:: Given information
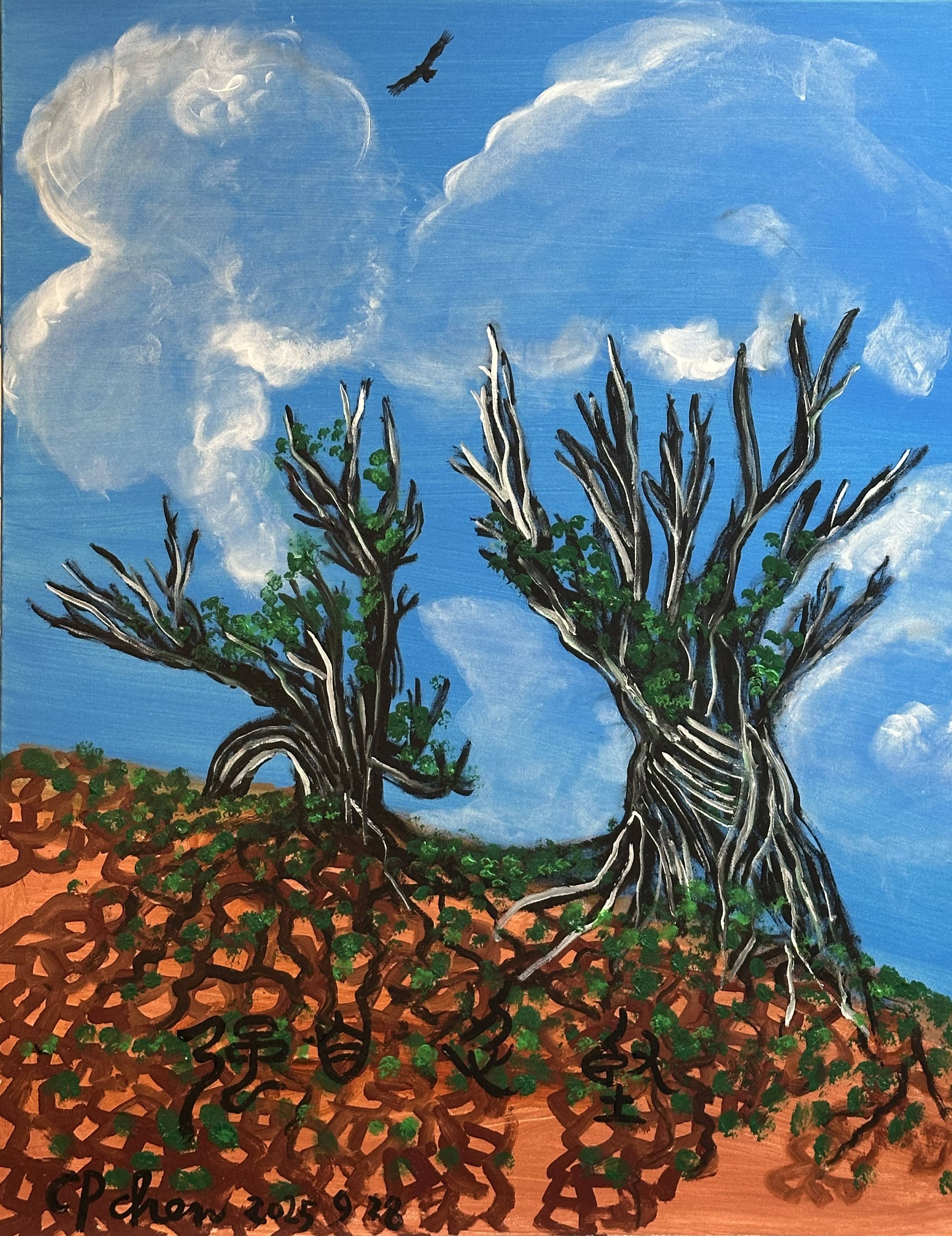 《坚忍自强》一作,枯树于红土之上倔强生长,枝干虬曲却有新绿点缀,苍鹰在蓝天翱翔,既显生命在逆境中的坚韧不屈,又传递出奋发自强的精神力量,将生命的倔强与抗争具象化。
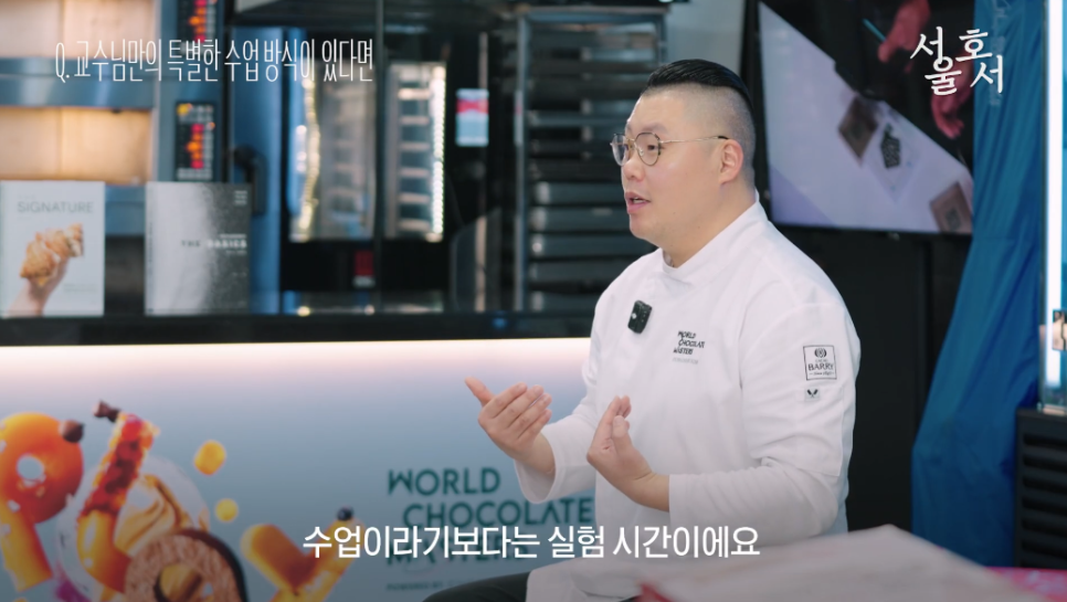 김동석 교수님은 최근 자신의 20년 노하우를 집약한 저서 'THE SIGNATURE'를 출간하며 세프들에게 영감을 전하고 있는데요. 이 책에는 세계 무대에서 축적한 경험을 바탕으로 완성한 독창적인 테크닉과 전문적인 노하우를 담았습니다. 서울호서 제과제빵계열 학생들에게는 특권이 주어지는데요, 바로 저자인 김동석 교수님께 직접 수업을 들을 수 있다는 점입니다.
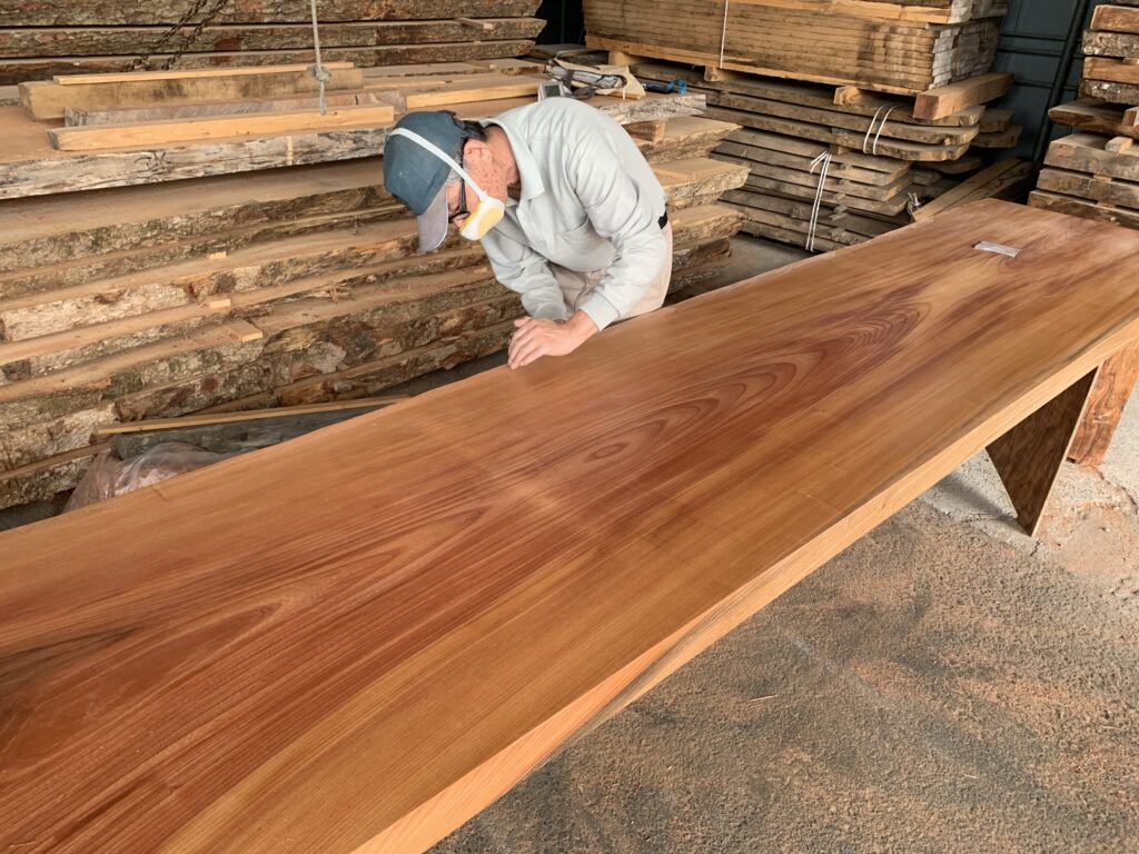 これまでケヤキは、社寺仏閣用材や個人邸宅の化粧柱などに使われてきた。だが、こうした需要は先絞りの傾向にある。そこで寺島社長は、飲食店のカウンターやテーブル用としてケヤキの利用を広げようとしている。
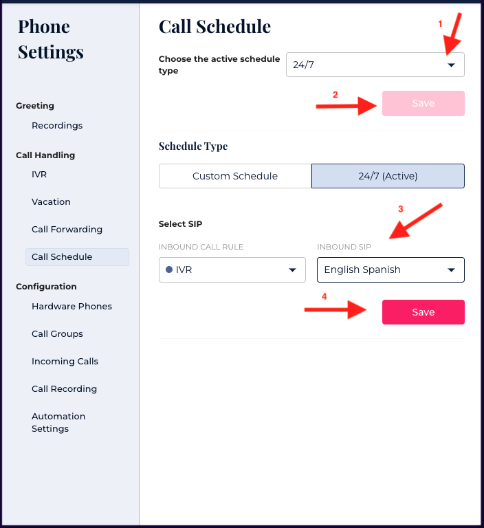 12. Switching to 24/7 Schedule: If you ever need to switch to a 24/7 schedule, simply select the option from the menu and save your changes. This will override the rotating schedule and set your office to be available round-the-clock.
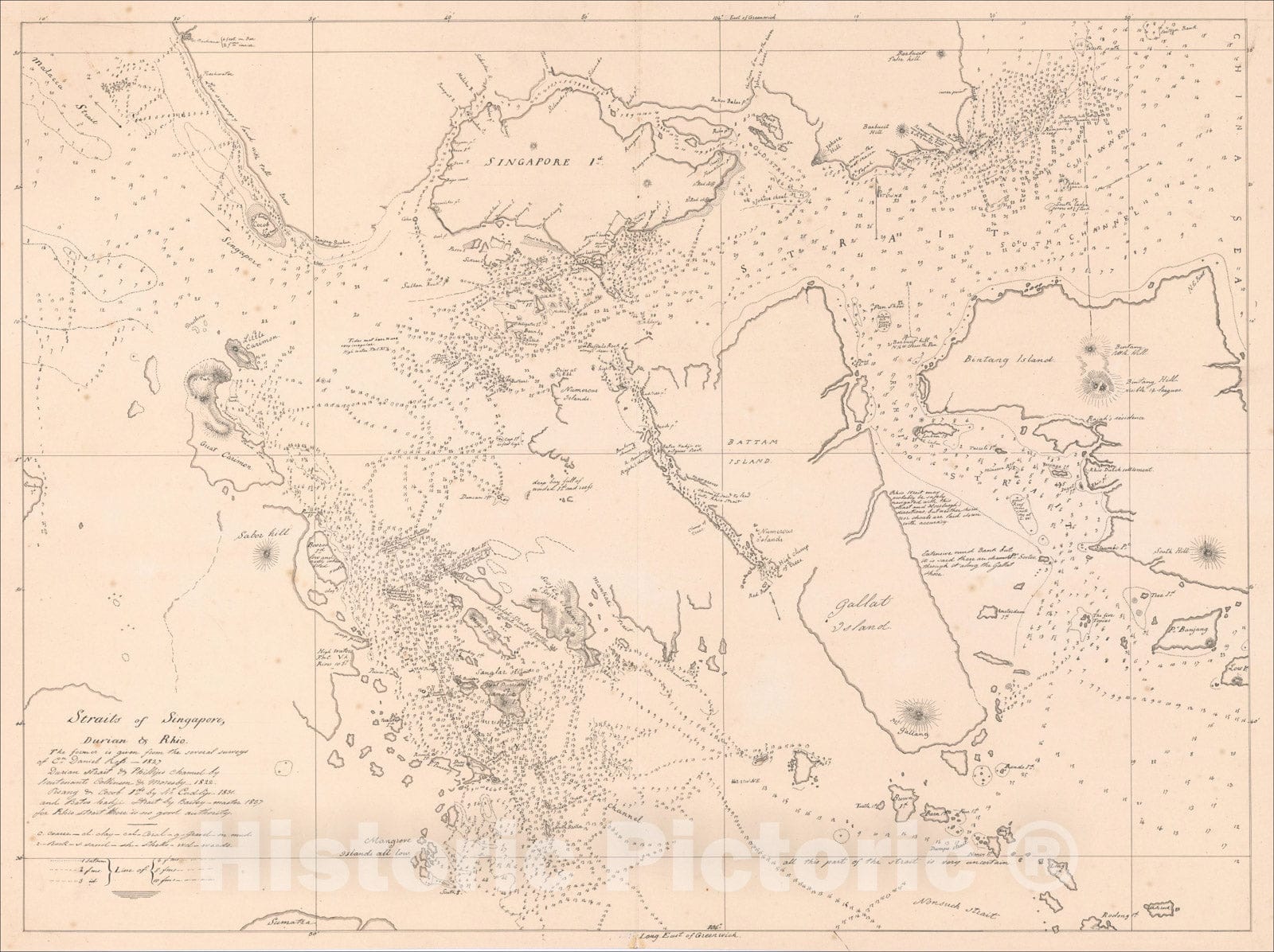 Historic Map : Straits of Singapore, Durian and Rhio, c1841, Anonymous, Vintage Wall Art
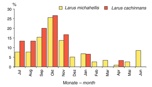 Fig. 1: Seasonal distribution of ring identifications of Caspian and Yellow-legged Gulls in Northern
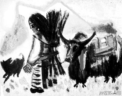 藏女和她的牦牛(水墨) 1993年 刘玉山
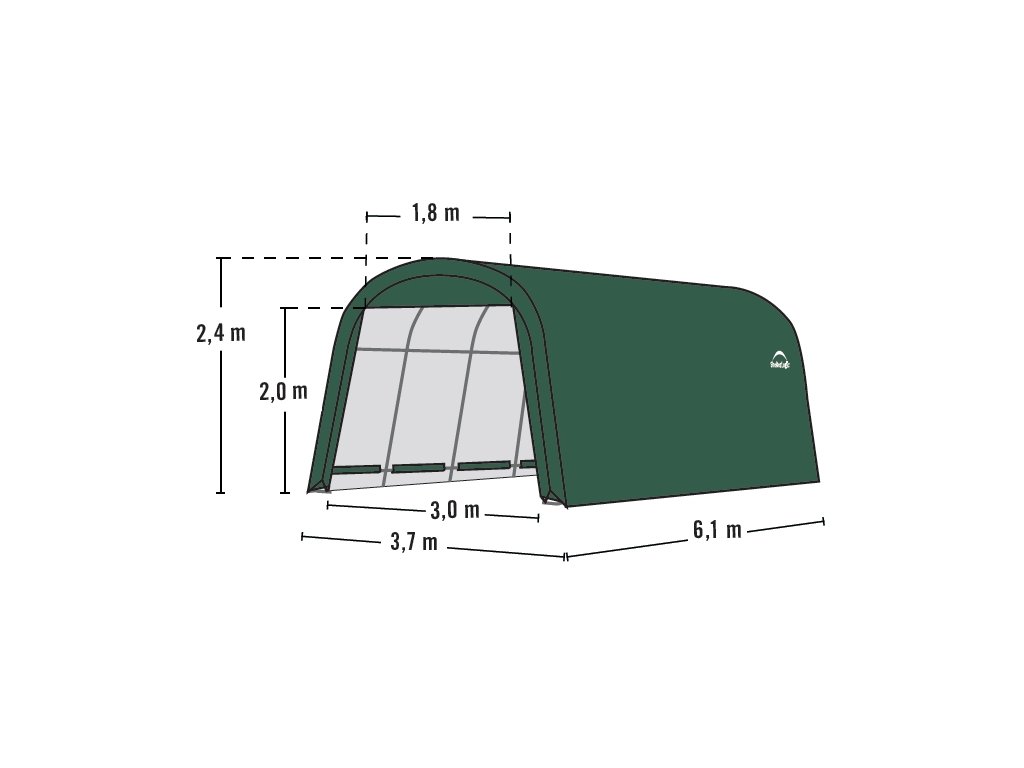 Plachtová garáž - přístřešek amerického výrobce ShelterLogic s rozměry  š 3,70 x d 6,10 x v 2,40 m a zastavěnou plochou 22,57 m2. Konstrukce z ocelových trubek o průměru 35 mm opatřených prémiovou antikorozní úpravou. Šedozelená plachta z třívrstvého tkaného zeleného polyethylenu s UV filtrem. Vyrobeno v USA.
::::
▸ What is being asked:
Every record should be duplicated exactly, though any picture in it must be left out.

▸ Answer box:
 《坚忍自强》一作,枯树于红土之上倔强生长,枝干虬曲却有新绿点缀,苍鹰在蓝天翱翔,既显生命在逆境中的坚韧不屈,又传递出奋发自强的精神力量,将生命的倔强与抗争具象化。
 김동석 교수님은 최근 자신의 20년 노하우를 집약한 저서 'THE SIGNATURE'를 출간하며 세프들에게 영감을 전하고 있는데요. 이 책에는 세계 무대에서 축적한 경험을 바탕으로 완성한 독창적인 테크닉과 전문적인 노하우를 담았습니다. 서울호서 제과제빵계열 학생들에게는 특권이 주어지는데요, 바로 저자인 김동석 교수님께 직접 수업을 들을 수 있다는 점입니다.
 これまでケヤキは、社寺仏閣用材や個人邸宅の化粧柱などに使われてきた。だが、こうした需要は先絞りの傾向にある。そこで寺島社長は、飲食店のカウンターやテーブル用としてケヤキの利用を広げようとしている。
 12. Switching to 24/7 Schedule: If you ever need to switch to a 24/7 schedule, simply select the option from the menu and save your changes. This will override the rotating schedule and set your office to be available round-the-clock.
 Historic Map : Straits of Singapore, Durian and Rhio, c1841, Anonymous, Vintage Wall Art
 Fig. 1: Seasonal distribution of ring identifications of Caspian and Yellow-legged Gulls in Northern
 藏女和她的牦牛(水墨) 1993年 刘玉山
 Plachtová garáž - přístřešek amerického výrobce ShelterLogic s rozměry  š 3,70 x d 6,10 x v 2,40 m a zastavěnou plochou 22,57 m2. Konstrukce z ocelových trubek o průměru 35 mm opatřených prémiovou antikorozní úpravou. Šedozelená plachta z třívrstvého tkaného zeleného polyethylenu s UV filtrem. Vyrobeno v USA.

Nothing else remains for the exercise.